Aim of the task:
Would you return the lines that run from the start of the data below to the line with "2023 Top Quality", both included, exactly as written and without pictures?

Stored dataset items:
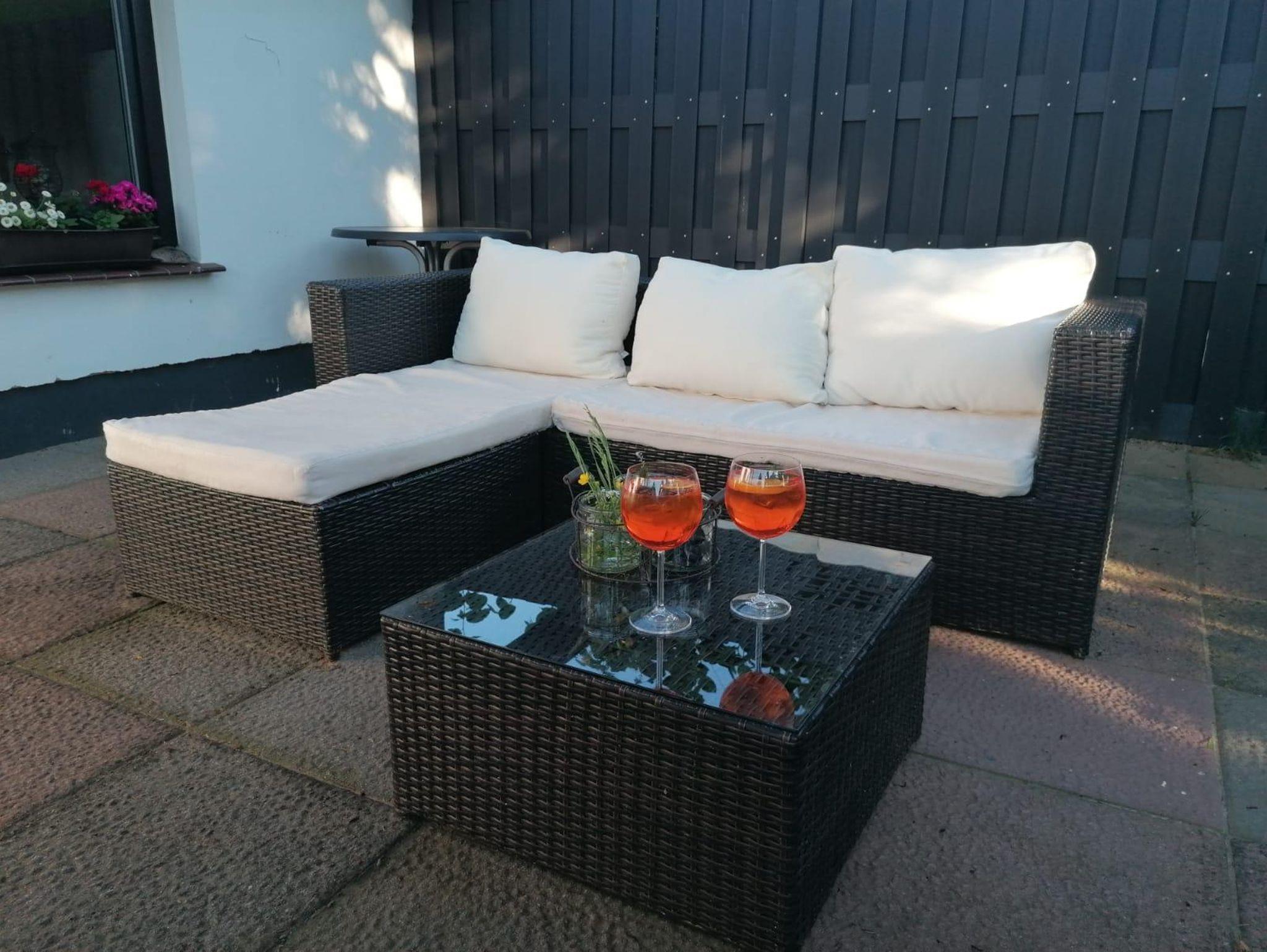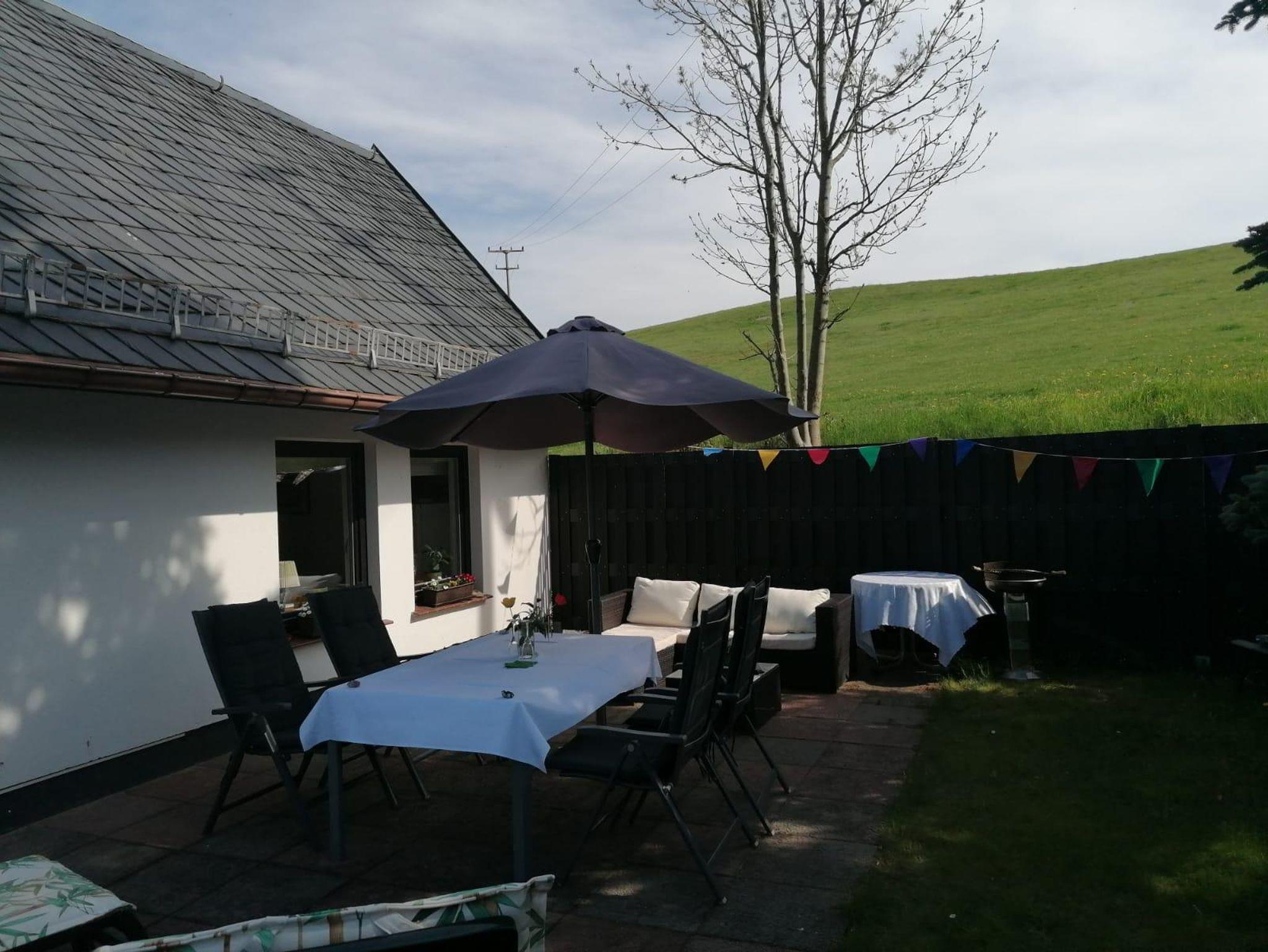 Am Haus steht eine gemütliche Terrasse mit Gartenmöbel und Grillecke zur Verfügung.
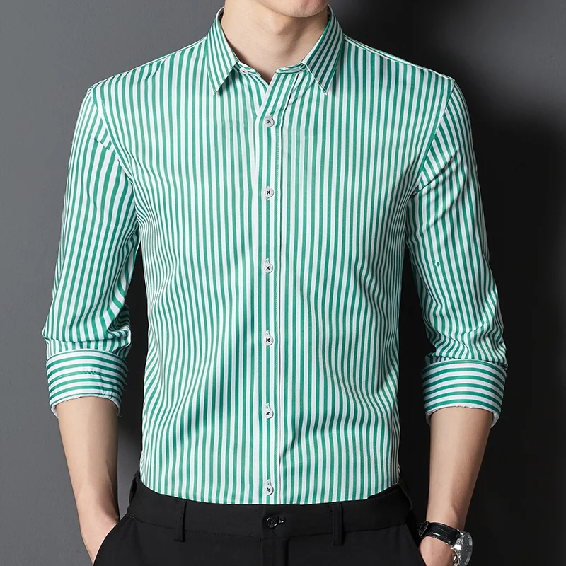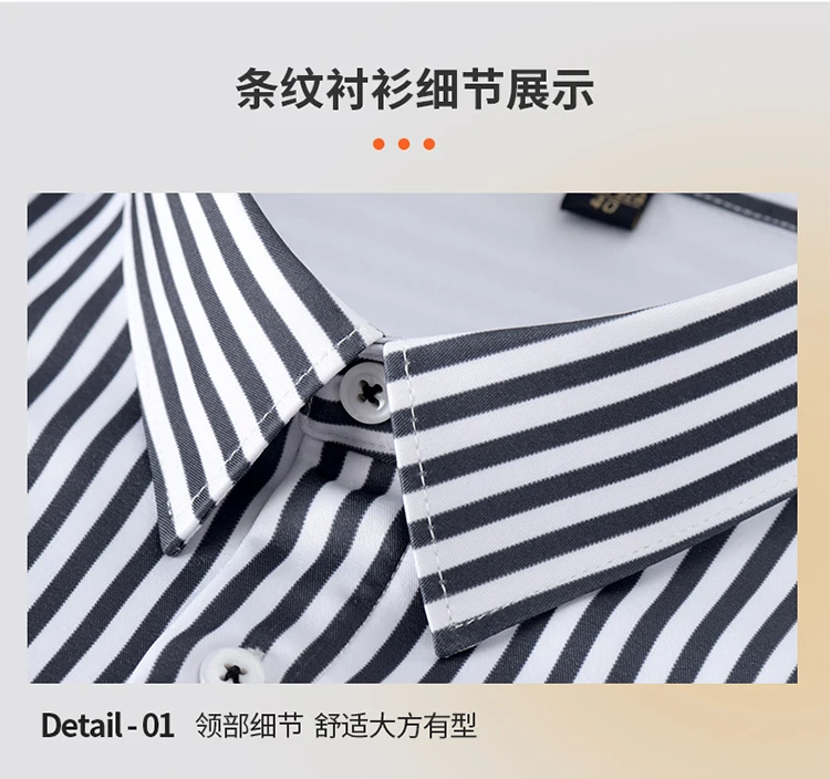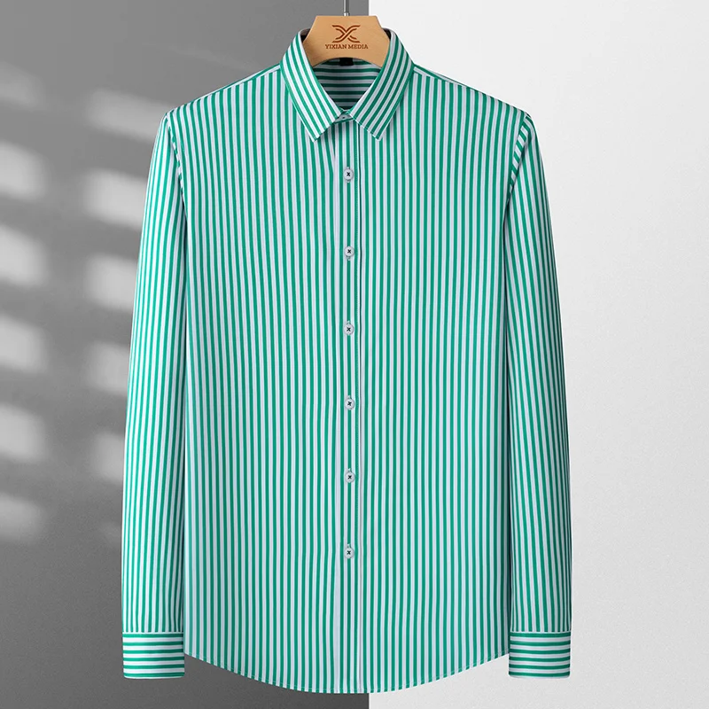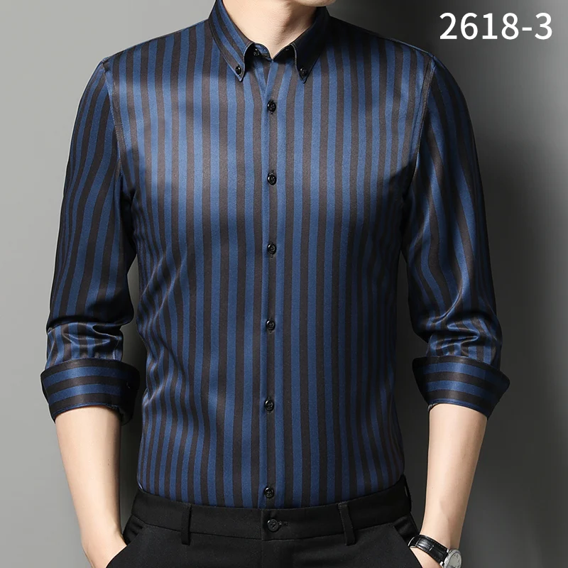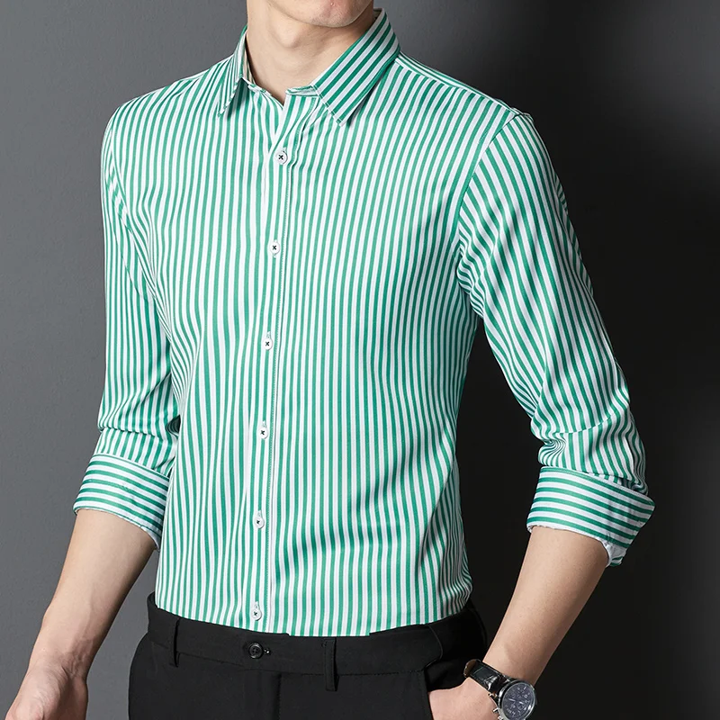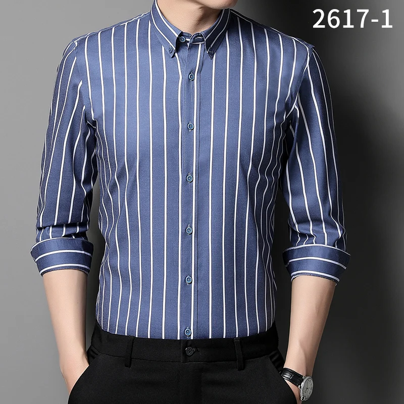 2023 Top Quality No Ironing Stretch Men Dress Shirt Long Sleeve No Trace Soft Cozy Pocket-less Formal Regular Fit Striped Shirt
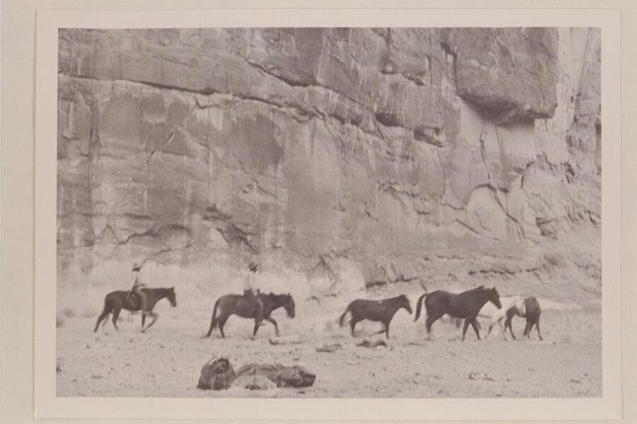 The Navajo wranglers take the stock out to graze from camp near Ba-Sah Bridge, Navajo Canyon
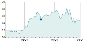 | 1/25/2022 | +1.00 / +4.12% | 24.30 | 25.40 | 24.00 | 25.30 | 24.75 | 21.04 | 150,300 |   |
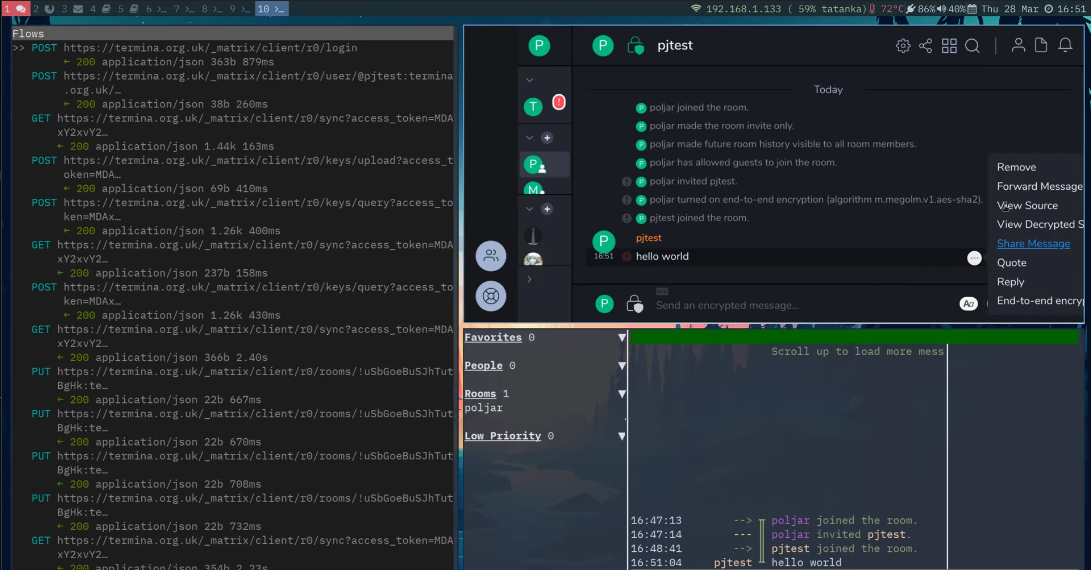 We have much improved sytest support for Synapse worker mode, Hawkowl landed a brand new super fast super shiny user directory implementation, Brendan fixed a bunch of niggles in the federation tester and we finally got to the bottom of our sync caching bug that obscured accepting invites (thanks richvdh for sticking with it). Erik solved our presence spamming bug and anoa fixed some LDAP auth bugs and submitted a PR for certificate checking - one of our final blockers for Synapse 1.0. For all the latest checkout out our latest release candidate 0.99.3rc1.

Reply to the exercise:
 Am Haus steht eine gemütliche Terrasse mit Gartenmöbel und Grillecke zur Verfügung.
 2023 Top Quality No Ironing Stretch Men Dress Shirt Long Sleeve No Trace Soft Cozy Pocket-less Formal Regular Fit Striped Shirt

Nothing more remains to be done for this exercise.